ViDISS: Vitamin D Status in Patients With Severe Sepsis

Sponsor
Massachusetts General Hospital (Other)
Overall Status
Withdrawn
CT.gov ID
NCT02684487
Collaborator
(none)
0
1
2
60
0

Study Details

Study Description

Brief Summary

Sepsis is a clinical entity that complicates infection. Without early recognition and timely management, it can rapidly progress to severe sepsis, septic shock, and culminate in multiple organ dysfunction syndrome. Forty to 70% of septic patients have low vitamin D status, yet little is known about the impact of vitamin D3 (vitD3) supplementation in this patient population. As such, the investigators propose a randomized, double-blinded, placebo-controlled trial to test the hypothesis that early, rapid correction of low vitamin D status, as an adjunct to established treatment guidelines, will improve clinical outcomes and measurably alter immune profile in patients with severe sepsis.

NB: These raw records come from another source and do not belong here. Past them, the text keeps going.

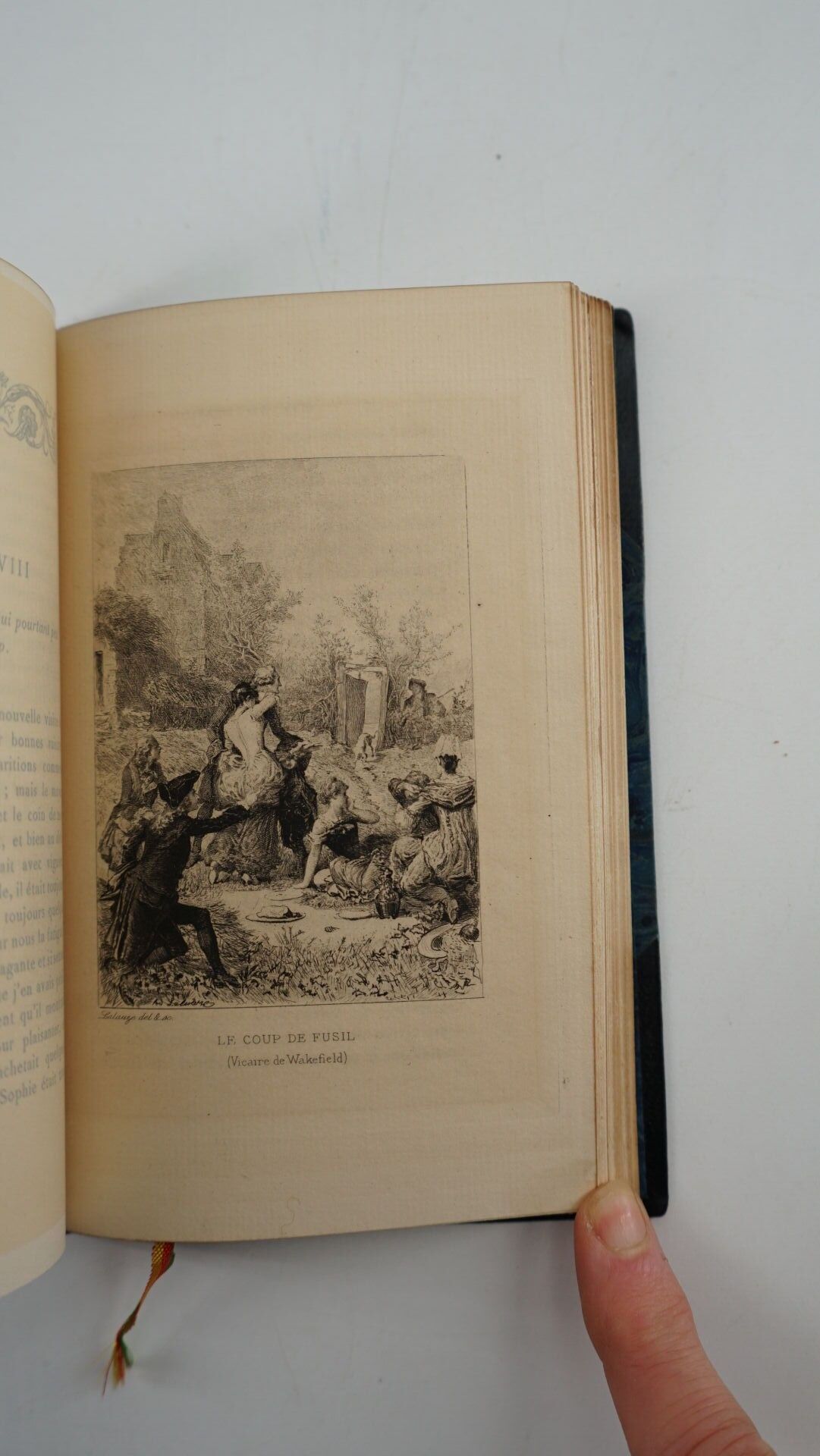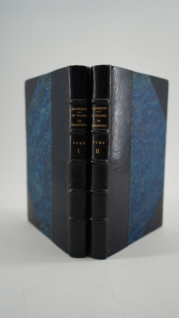 GOLDSMITH (Oliver) - The Vicar of Wakefield. Translation, preface and notes by Charles Nodier - Paris ; Librairie des Bibliophiles, 1888 - 2 volumes In-12° - Portrait frontispiece and out-of-text etchings by Ad. Lalauze - Bound in the 1st half of the 20th century in half navy morocco with corners - Covers and spine preserved - Spine ribbed, titled and stamped in gold - Heads gilt - A very good copy printed in a small number.
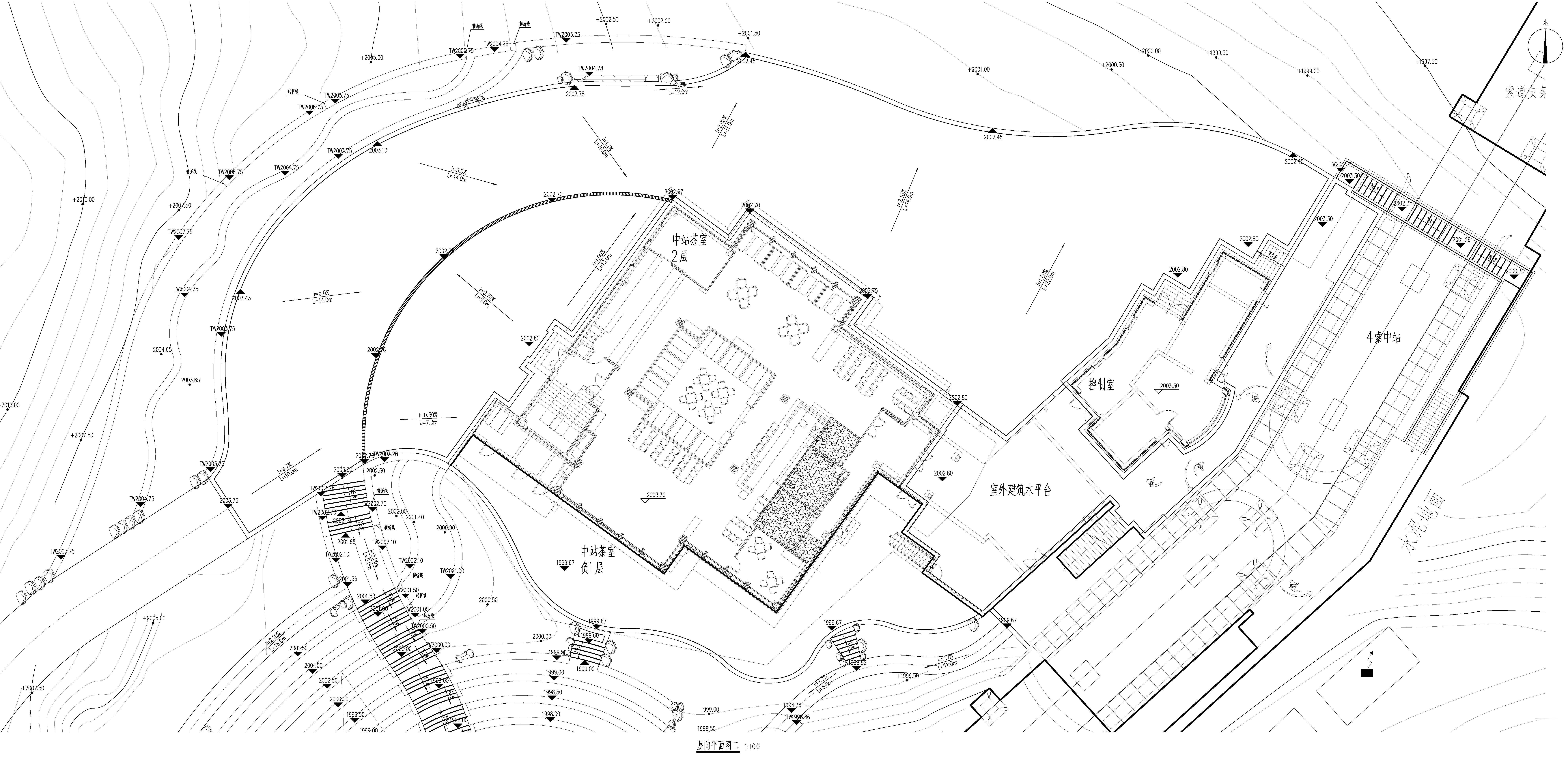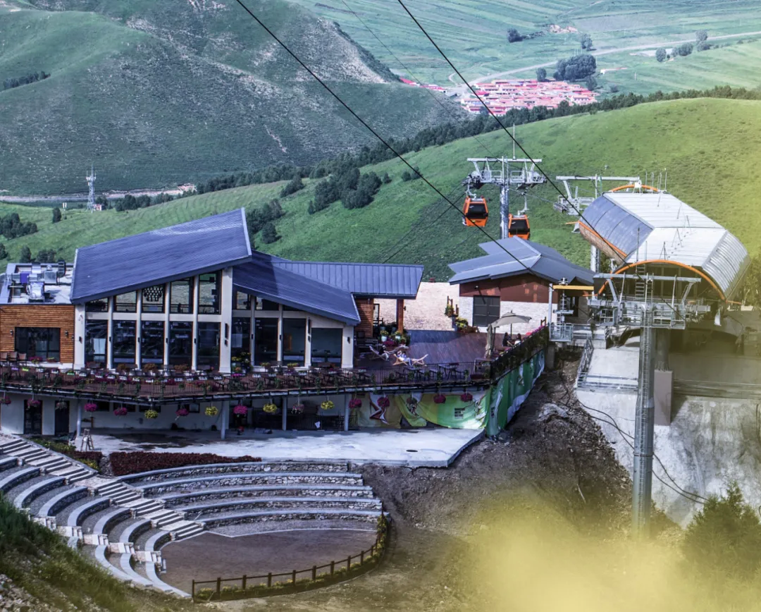 索道中站位于海拔2003米的玉石梁山腰部,坐擁主峰壯美的山景。場(chǎng)地中規(guī)劃了索道中間站臺(tái)和奧地利風(fēng)格休息室,對(duì)于這個(gè)場(chǎng)所的公共空間,業(yè)主的要求很明確:
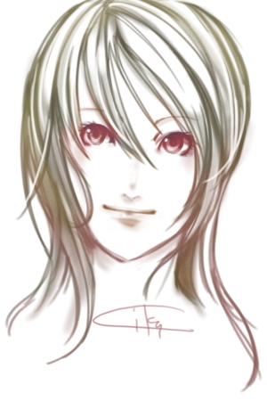 最初の絵の塗りを活かしてみた絵。髪の毛が今ひとつ…肌の塗りもまだ疑問多し。
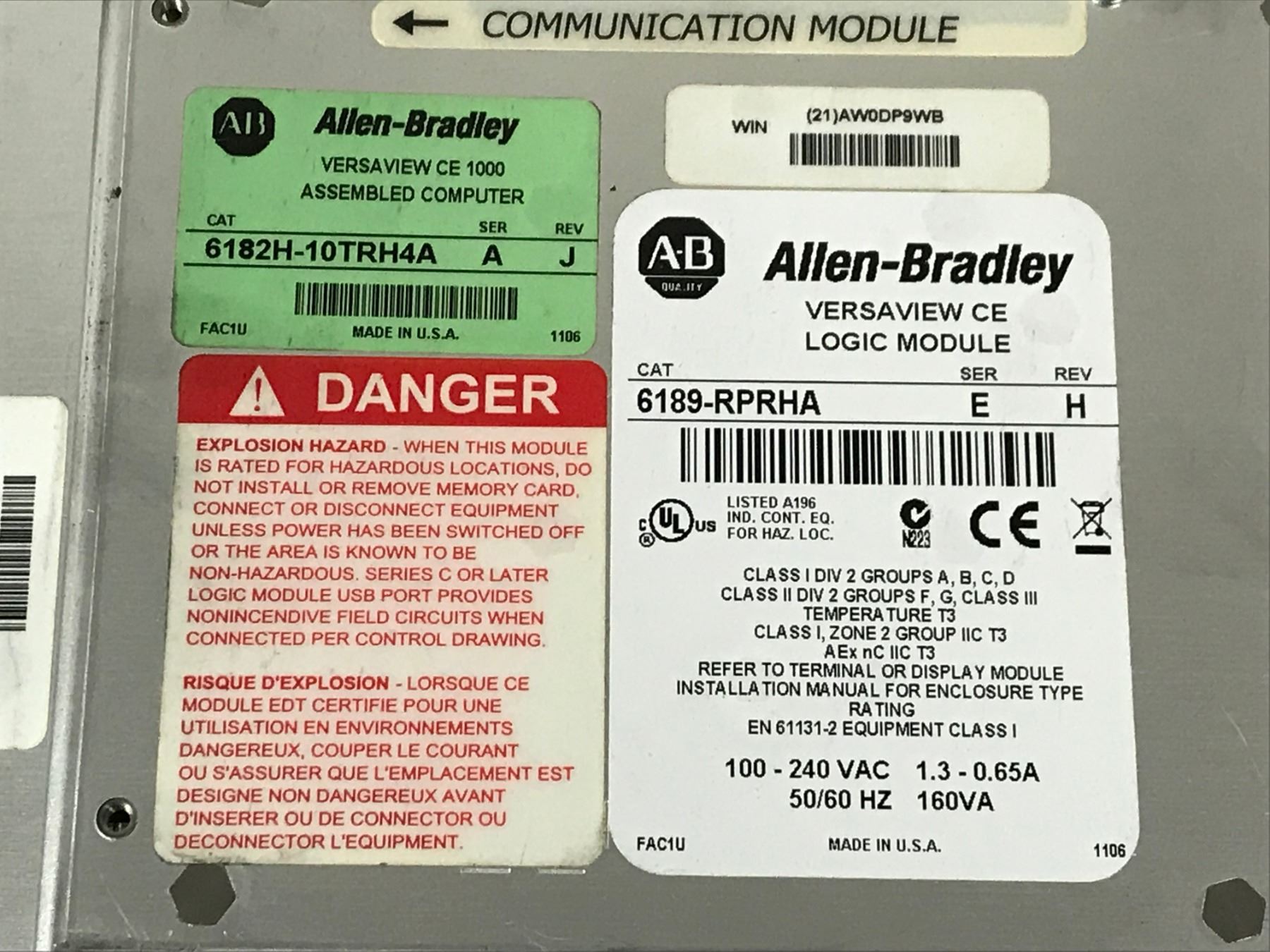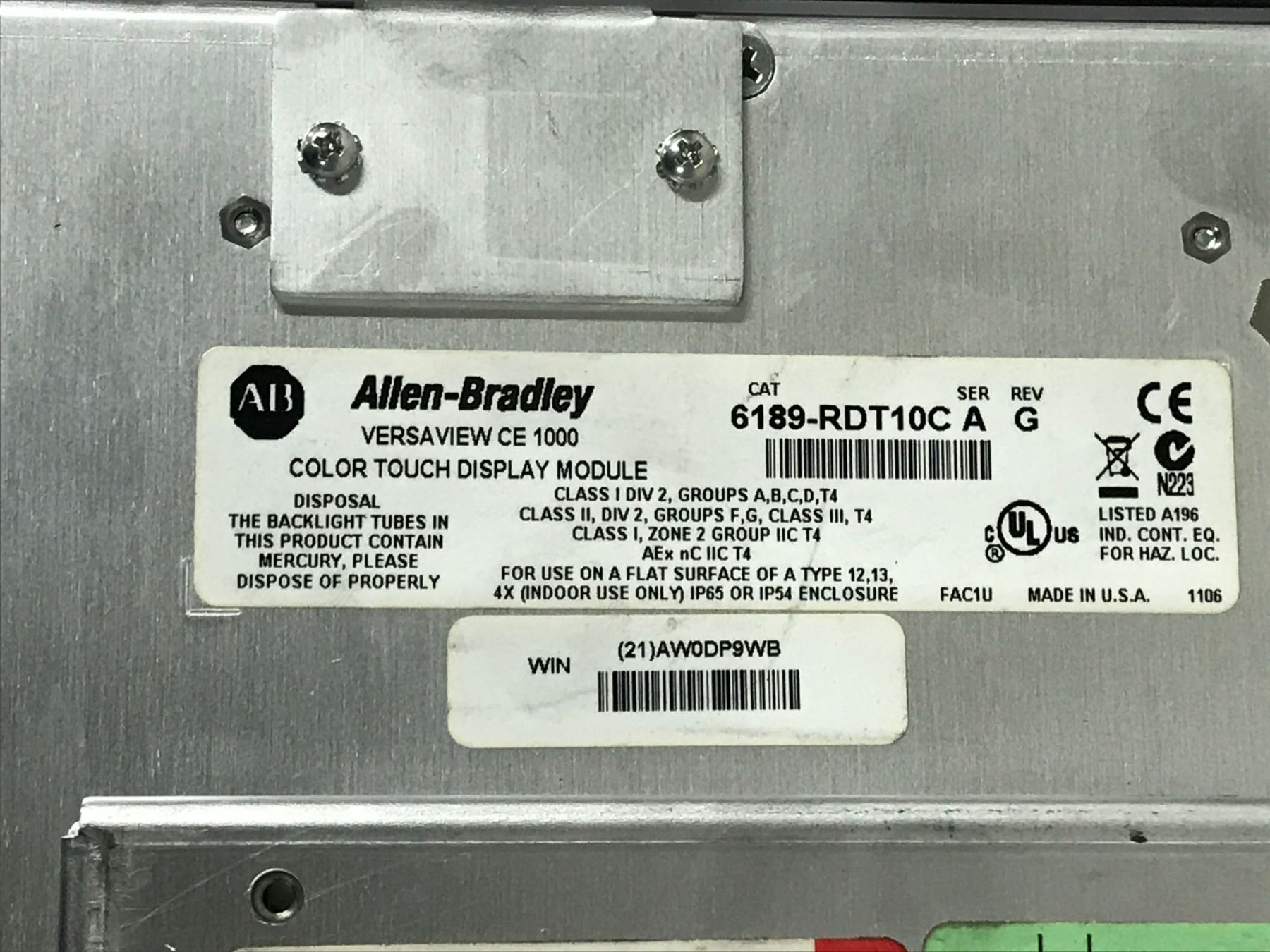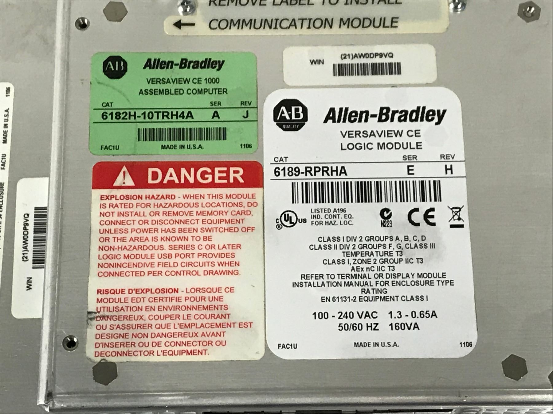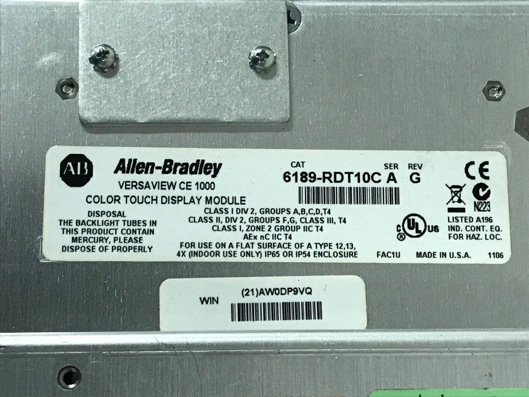 (2) ALLEN BRADLEY 6189-RPRHA VERSAVIEW CE 1000
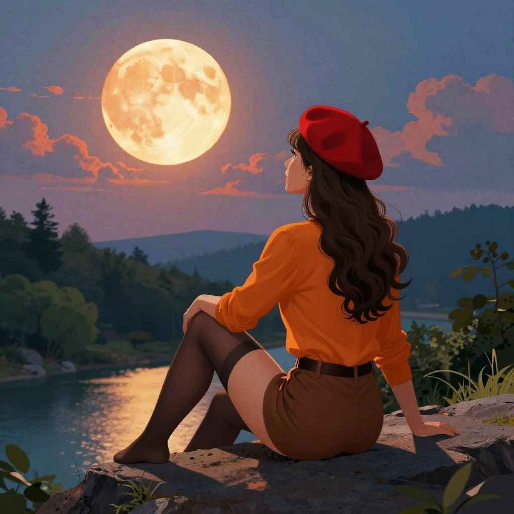 A digital art piece features a confident woman with long, wavy brown hair, wearing a red beret, orange long-sleeve shirt, and brown shorts with thigh-high stockings. She's sitting on a rocky cliff, gazing at a vibrant, orange full moon in a sky filled with colorful clouds. The background includes a lush, green forest and a serene lake, adding depth and contrast to the scene.
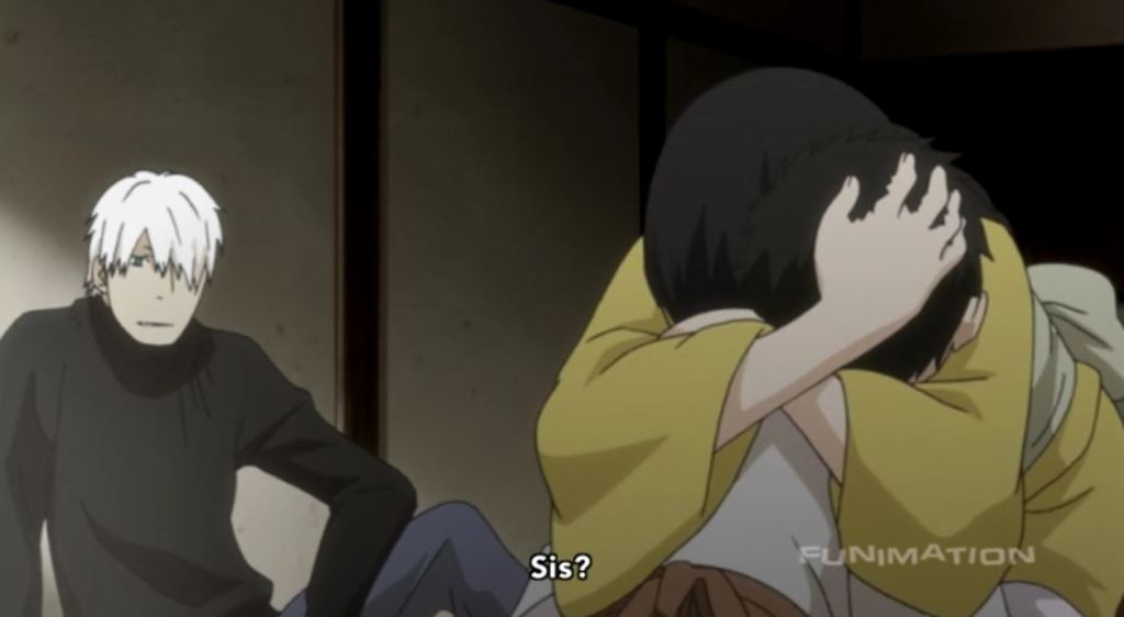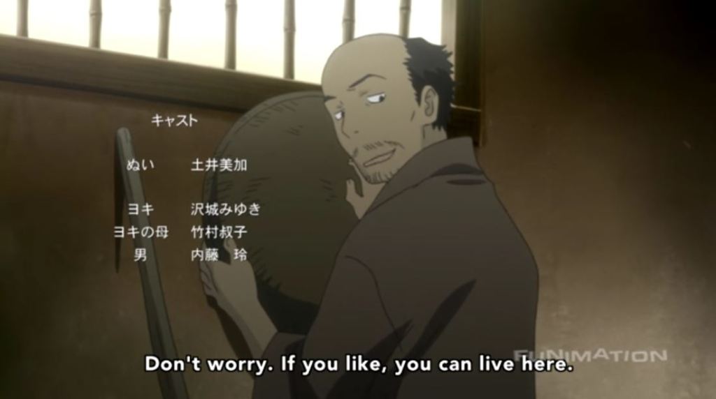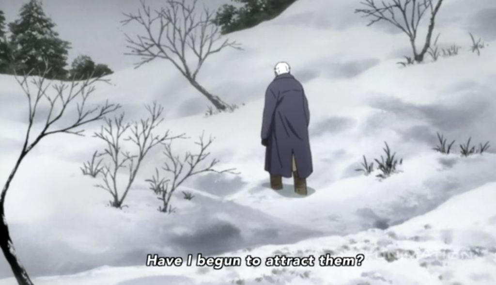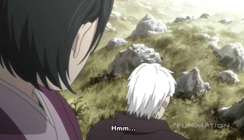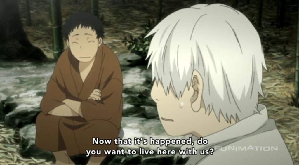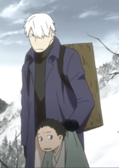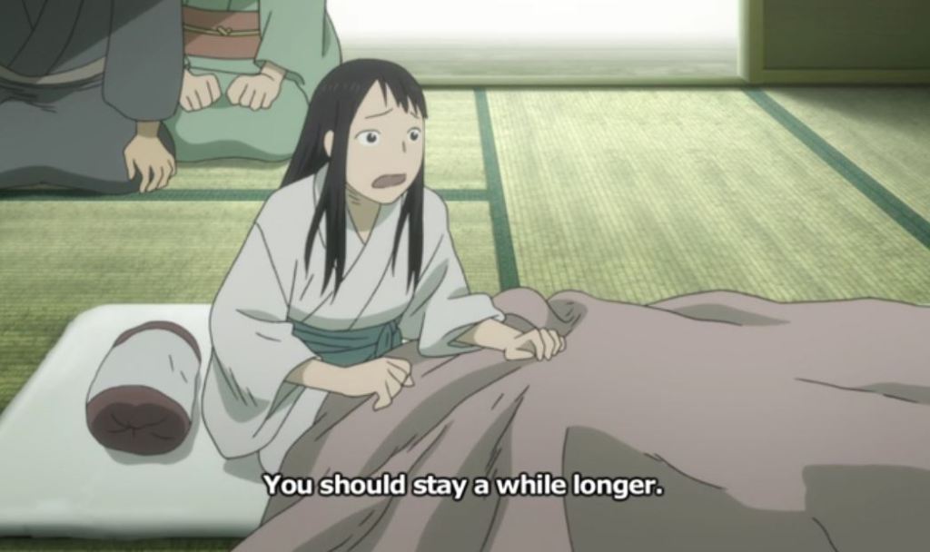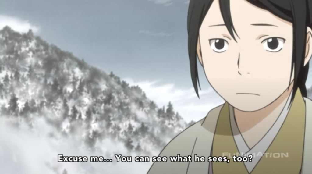 Season One, Episode 15 of Mushishi (watching on Hulu), Ginko is seeking shelter from the harsh winter weather. He stumbles upon Suzu’s home, that she shares with her little brother Miharu.

Condition or Disease Intervention/Treatment Phase
  • Drug: vitamin D3
  • Drug: Placebo
Phase 3

Detailed Description

Sepsis is a clinical entity that complicates infections [1]. Without early recognition and timely management, it can rapidly progress to severe sepsis, septic shock, and culminate in multiple organ dysfunction syndrome. The incidence of severe sepsis is between 300 to 1000 cases per 100,000 persons [2] and is projected to increase annually due to an aging population, increasing burden of chronic disease, and greater use of invasive procedures, chemotherapy, and immunosuppressive agents [3]. Severe sepsis is the leading cause of mortality in critically ill patients, with healthcare costs exceeding $16 billion annually [4]. Despite evolving clinical guidelines for sepsis [5-7], and intense research, only a modest reduction in case fatality rates has been documented over the last two decades [8]. Aside from early administration of antibiotics, there is no effective stand-alone or adjuvant pharmacological intervention to improve survival in patients with severe sepsis.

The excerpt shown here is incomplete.